The overall best protein-level predictor is CRFPPI, with median AUC = 0.706. The AUC values of the second best SSWRF are not significantly different (P-value = 0.08, median AUC = 0.701), while the improvements over the remaining seven predictors are statistically significant (P-value <0.001). The newest tool, DeepPPISP, secures the highest sensitivity but at the expense of similarly high FPR and FCPR, leading to a substantial over-prediction of PBRs. The more informative protein-level sensitivity to FPR rate and sensitivity to FCPR rate reveal a large advantage for SCRIBER. This method secures the lowest FPR and FCPR values, and by far the highest sensitivity to FPR and FCPR rates. The SCRIBER’s FPR and FCPR values are similar for both assessments, the protein- and dataset-level, which is in contrast to all other predictors for which FCPRs are much larger than FPRs. The latter demonstrates that the other eight methods over-predict PBRs among residues that interact with other ligands. This even includes the two overall-best methods, CRFPPI and SSWRF, for which the sensitivity to FCPR rates equal 1.4 and 1.5, respectively.
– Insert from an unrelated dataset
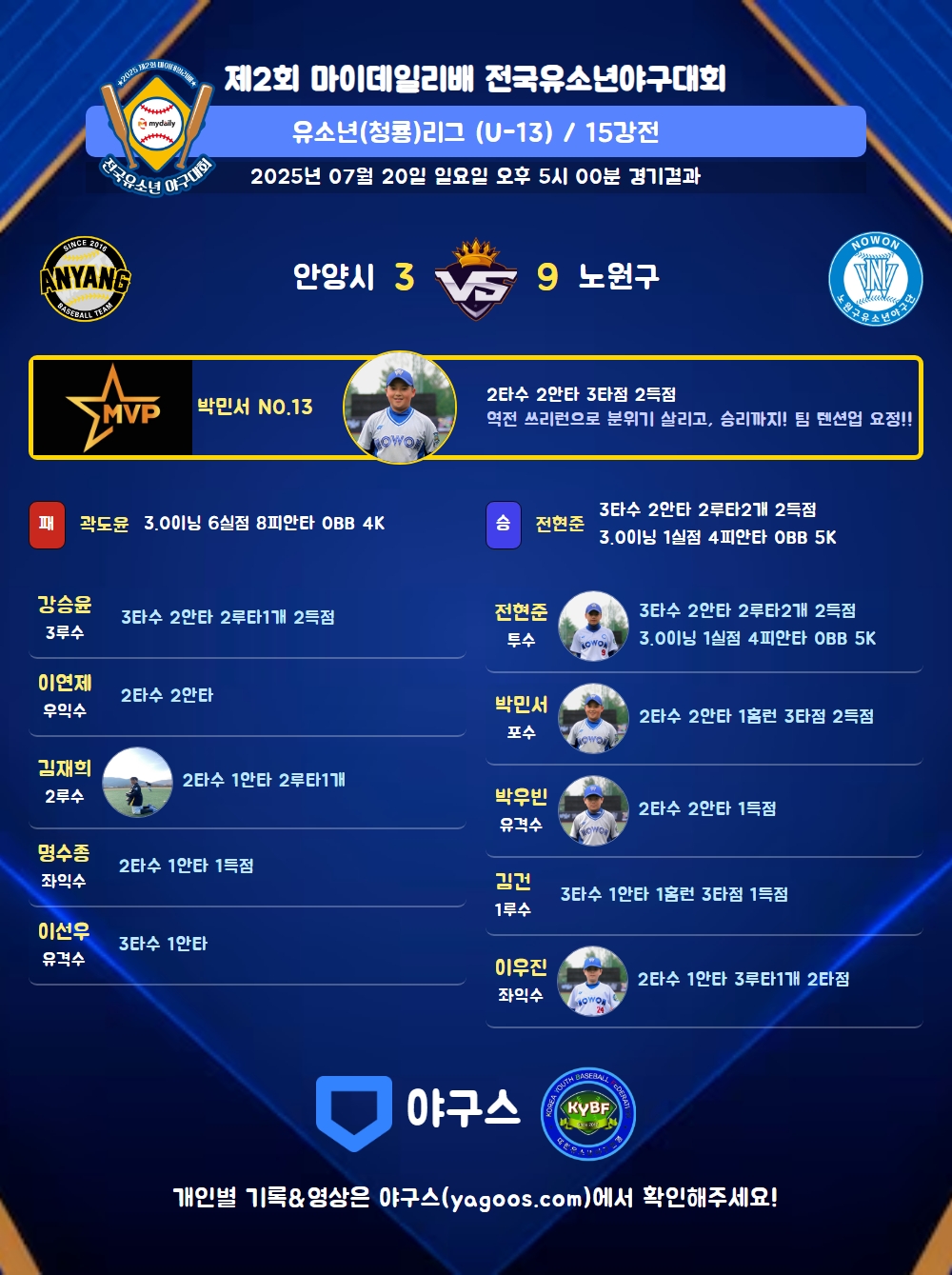 | 3 | 포 | 박민서(13) | 우안 | - | 좌중홈(3타점) | 고의4구 | - | - | 2 | 2 | 3 | 2 | 1 | 1 | 1 | - | 1.000 |

We observe that directly in Figure 2B where the distribution of sensitivity values (blue line) is very close to the distribution of FCPR values (green line) for CRFPPI; the distribution for SSWRF is in Supplementary Figure S1. This suggests that while CRFPPI and SSWRF accurately predict PBRs for proteins that interact with protein partners (high AUC), they substantially cross-predict PBRs for the proteins that bind other ligand types (low rate to FCPR).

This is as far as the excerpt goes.